• **GIVEN DATA**
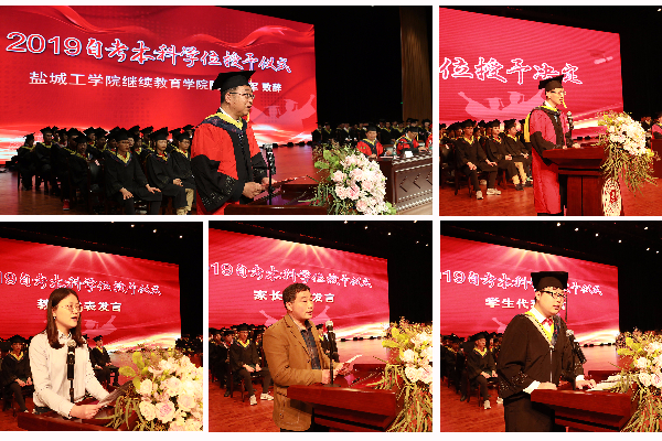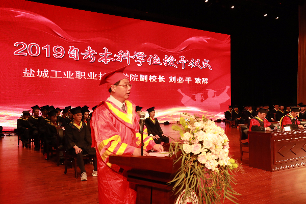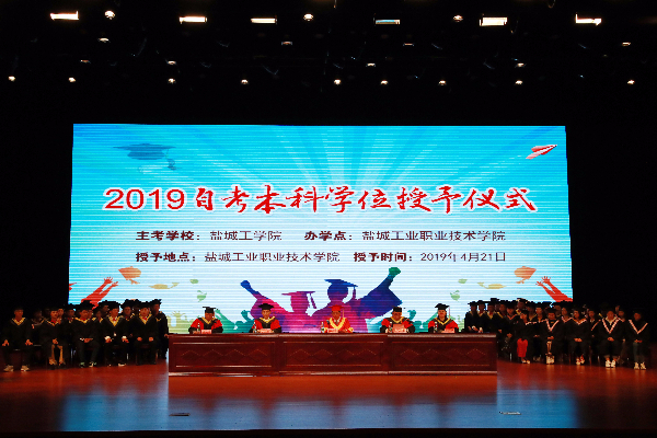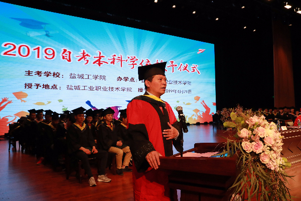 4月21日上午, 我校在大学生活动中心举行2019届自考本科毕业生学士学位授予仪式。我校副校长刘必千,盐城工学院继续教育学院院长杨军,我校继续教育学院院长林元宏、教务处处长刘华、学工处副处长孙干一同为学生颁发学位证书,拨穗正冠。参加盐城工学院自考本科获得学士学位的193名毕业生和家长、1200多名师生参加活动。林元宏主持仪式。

...

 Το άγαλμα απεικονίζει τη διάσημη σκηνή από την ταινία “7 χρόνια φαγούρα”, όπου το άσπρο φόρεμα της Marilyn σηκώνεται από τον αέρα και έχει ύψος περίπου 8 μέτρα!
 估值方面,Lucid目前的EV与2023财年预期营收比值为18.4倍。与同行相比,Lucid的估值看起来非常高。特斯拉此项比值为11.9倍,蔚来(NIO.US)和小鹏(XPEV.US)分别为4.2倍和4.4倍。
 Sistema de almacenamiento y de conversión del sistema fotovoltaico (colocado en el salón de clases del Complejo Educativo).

• **TASK STATEMENT**
In the listing above, find the line with "Το άγαλμα απεικονίζει" and the line with "Sistema de almacenamiento"; set down exactly those two lines and every line between them, nothing more.

• **ANSWER SECTION**
 Το άγαλμα απεικονίζει τη διάσημη σκηνή από την ταινία “7 χρόνια φαγούρα”, όπου το άσπρο φόρεμα της Marilyn σηκώνεται από τον αέρα και έχει ύψος περίπου 8 μέτρα!
 估值方面,Lucid目前的EV与2023财年预期营收比值为18.4倍。与同行相比,Lucid的估值看起来非常高。特斯拉此项比值为11.9倍,蔚来(NIO.US)和小鹏(XPEV.US)分别为4.2倍和4.4倍。
 Sistema de almacenamiento y de conversión del sistema fotovoltaico (colocado en el salón de clases del Complejo Educativo).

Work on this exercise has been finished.